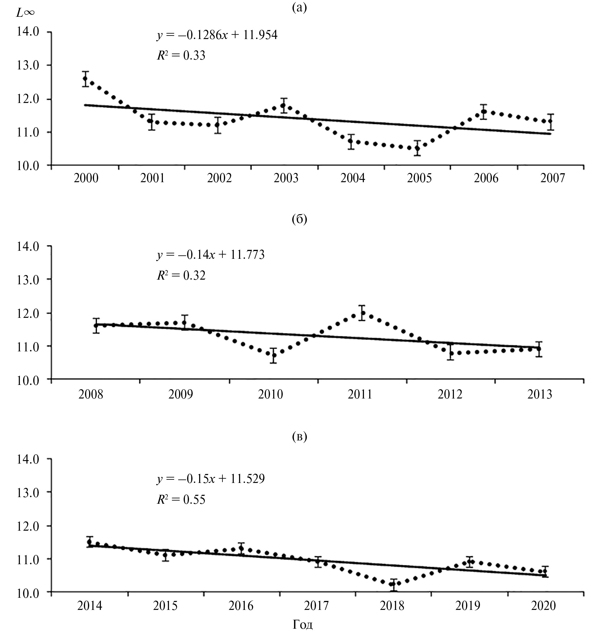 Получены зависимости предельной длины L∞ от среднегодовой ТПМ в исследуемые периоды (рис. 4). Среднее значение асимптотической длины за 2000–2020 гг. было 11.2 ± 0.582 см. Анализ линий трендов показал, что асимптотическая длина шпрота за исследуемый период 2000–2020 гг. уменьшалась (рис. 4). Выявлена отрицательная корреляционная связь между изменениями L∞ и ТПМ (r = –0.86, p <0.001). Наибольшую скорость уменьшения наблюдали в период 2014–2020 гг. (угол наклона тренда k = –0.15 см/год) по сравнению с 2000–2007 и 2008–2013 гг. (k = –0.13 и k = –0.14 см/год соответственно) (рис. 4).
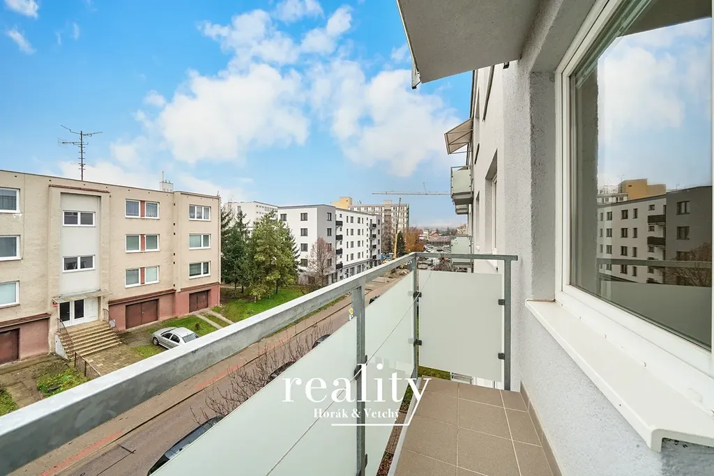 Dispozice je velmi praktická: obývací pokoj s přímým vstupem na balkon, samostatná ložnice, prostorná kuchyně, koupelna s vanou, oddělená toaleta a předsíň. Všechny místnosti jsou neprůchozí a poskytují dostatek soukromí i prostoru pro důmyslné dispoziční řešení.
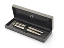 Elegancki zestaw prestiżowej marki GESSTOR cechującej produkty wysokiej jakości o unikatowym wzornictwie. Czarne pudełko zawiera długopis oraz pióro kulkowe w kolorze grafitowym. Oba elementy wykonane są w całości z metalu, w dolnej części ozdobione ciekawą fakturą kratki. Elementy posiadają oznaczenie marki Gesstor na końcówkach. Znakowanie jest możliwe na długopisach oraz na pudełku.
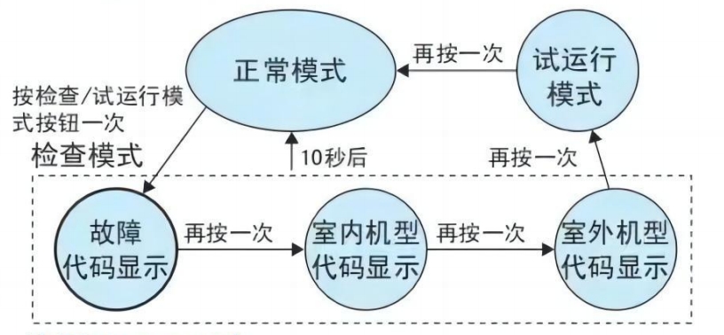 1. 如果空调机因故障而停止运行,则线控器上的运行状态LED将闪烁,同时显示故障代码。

- - - - -

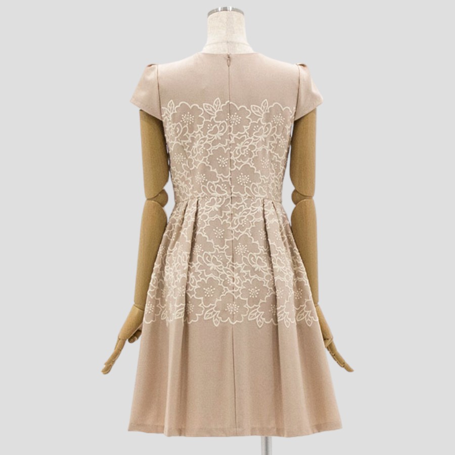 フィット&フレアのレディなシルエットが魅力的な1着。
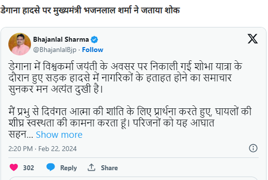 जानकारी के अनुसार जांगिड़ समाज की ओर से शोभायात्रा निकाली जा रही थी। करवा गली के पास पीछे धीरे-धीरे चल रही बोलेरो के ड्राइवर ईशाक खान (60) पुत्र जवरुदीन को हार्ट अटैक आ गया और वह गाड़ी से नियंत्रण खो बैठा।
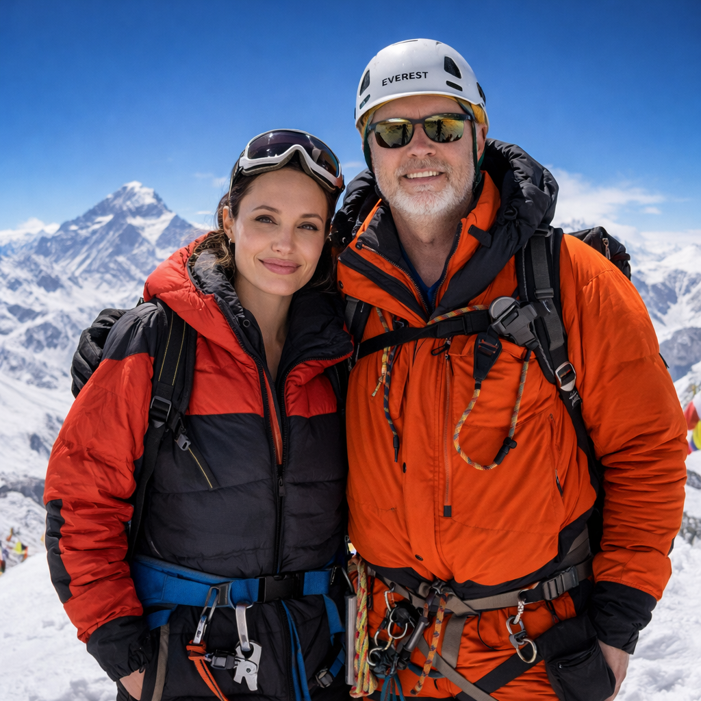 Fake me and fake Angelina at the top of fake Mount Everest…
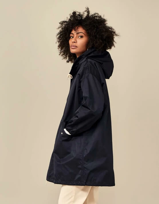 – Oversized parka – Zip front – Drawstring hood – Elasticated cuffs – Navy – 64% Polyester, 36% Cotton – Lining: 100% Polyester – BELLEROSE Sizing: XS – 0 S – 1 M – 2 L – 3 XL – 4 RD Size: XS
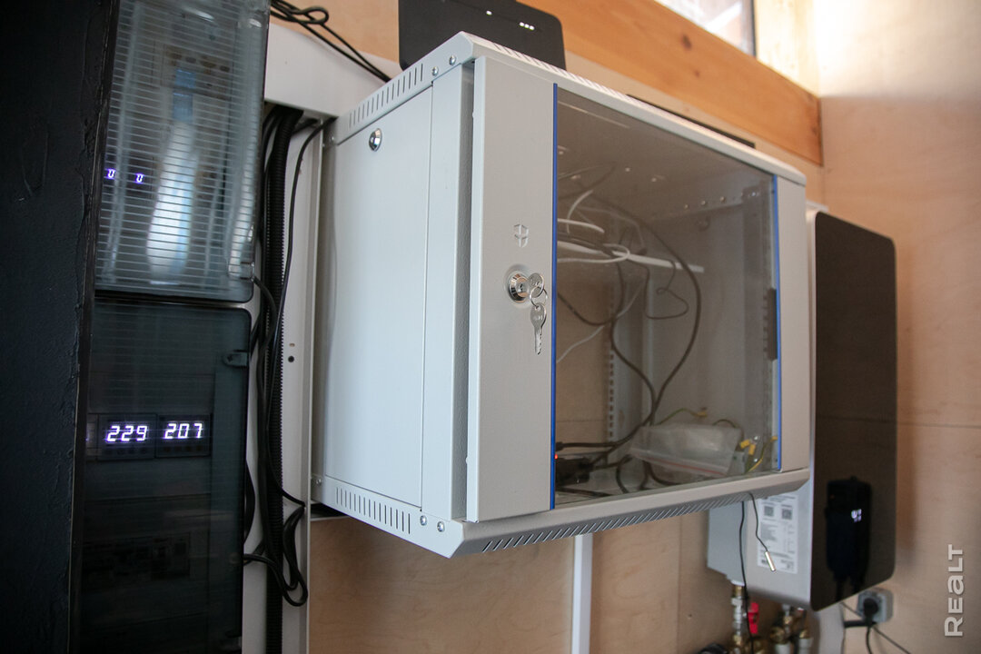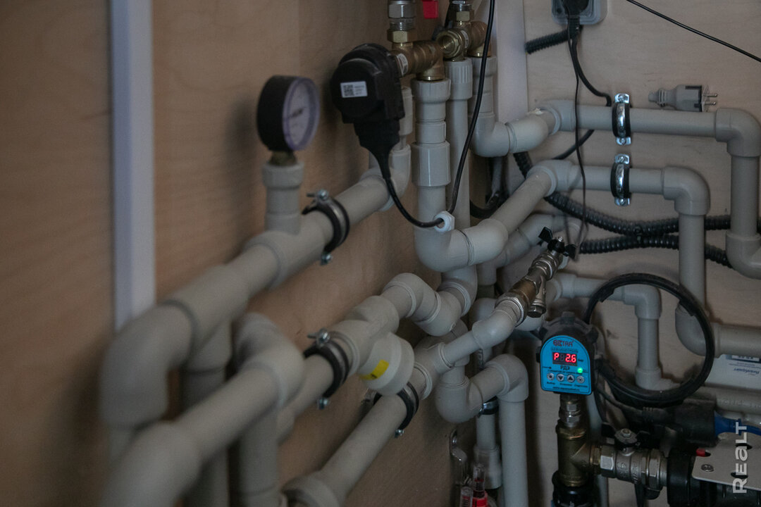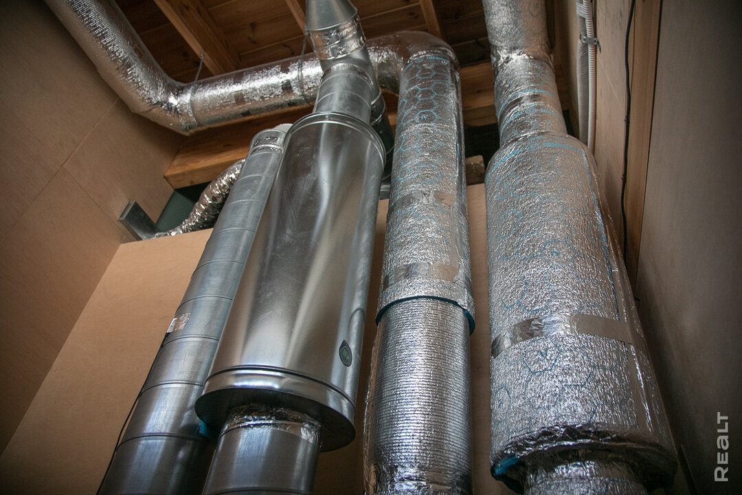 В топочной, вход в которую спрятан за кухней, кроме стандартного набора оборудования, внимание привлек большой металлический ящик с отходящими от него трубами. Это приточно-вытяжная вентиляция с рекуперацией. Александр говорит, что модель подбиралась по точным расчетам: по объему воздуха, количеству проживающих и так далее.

- - - - -

• [WORK INSTRUCTIONS] Starting at the line that contains "जानकारी के अनुसार" and ending at the line that contains "RD Size: XS", transcribe the material above exactly, excluding pictures.

• [EXERCISE SOLUTION]
 जानकारी के अनुसार जांगिड़ समाज की ओर से शोभायात्रा निकाली जा रही थी। करवा गली के पास पीछे धीरे-धीरे चल रही बोलेरो के ड्राइवर ईशाक खान (60) पुत्र जवरुदीन को हार्ट अटैक आ गया और वह गाड़ी से नियंत्रण खो बैठा।
 Fake me and fake Angelina at the top of fake Mount Everest…
 – Oversized parka – Zip front – Drawstring hood – Elasticated cuffs – Navy – 64% Polyester, 36% Cotton – Lining: 100% Polyester – BELLEROSE Sizing: XS – 0 S – 1 M – 2 L – 3 XL – 4 RD Size: XS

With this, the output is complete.